2 Materials and methods

2.1 Description of the remotely-controlled wetland Paddy Seeder (RCWPS)

The developed prototype Remotely-controlled wetland paddy seeder (RCWPS) is shown in figure 1. It comprised two main units: seed metering and propelling unit. The seed metering unit was equipped with a hopper, push-pull type solenoid-actuated metering plate, DC motor driven agitators for avoiding seed choking at hopper outlet and a sensor wheel. The top part of the hopper was designed with a square shape, while the bottom part was formed as an inverted pyramid with a 60° inclination angle to ensure the smooth flow of paddy seeds. Because, the angle of repose for various paddy varieties ranges from 30° to 50°, depending on their moisture content levels [18, 19]. Two numbers of inductive-proximity sensors were installed in the close vicinity of the iron spokes in the sensor wheel. During forward movement, one of the two sensors recognize the iron spokes and consequently gives feedback signals to the solenoid which actuates the metering plate to allow hill-dropping of the paddy seeds.

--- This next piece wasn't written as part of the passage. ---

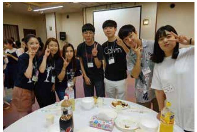
各国ユースからプレゼンが行われたウエルカムパーティー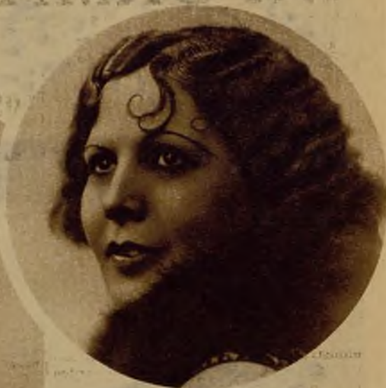
La notable artista "Salomé", maestra de bailarinas españolas, a quien se ha tributado un cariñoso homenaje de simpatía

Another sensor was used for measuring linear speed of the RCWPS, which was showcased in the LCD module. The propelling unit comprised a 24 Volt, 180 W geared DC motor with nominal torque of 20 N-m at 80 rpm speed, driving chains and sprockets, a transmission shaft, 2 clutches (dog type), and 2 lugged wheels. The lugged wheels were driven by connecting the wheel axles to the driving shaft using dog clutches. To make a turn with the seeder, the dog clutch needed to be disengaged using 24 Volt linear actuators with a 50 mm stroke and a load capacity of 200 N. The capacity of the driving motor and linear actuators were selected based on the measurement of propelling torque, rotational speed and actuating force of clutch while operating in the puddled field. Two 12-Volts and seven Ampere-hours (Ah) batteries of weight 2.4 kg each were bridged in series-connection for supplying power to the motor to help in vehicle forward motion, actuating the solenoid, linear actuators and seed agitating motors in the hoppers. The increase of battery size would cause the increase of weight, which would create sinkage problem of the RCWPS in the puddled field. The operating time of the fully charged batteries was 1.2 h. Another set of recharged batteries was kept ready to replace the discharged batteries.

Figure 1
figure 1

Developed remotely-controlled wetland paddy seeder (RCWPS).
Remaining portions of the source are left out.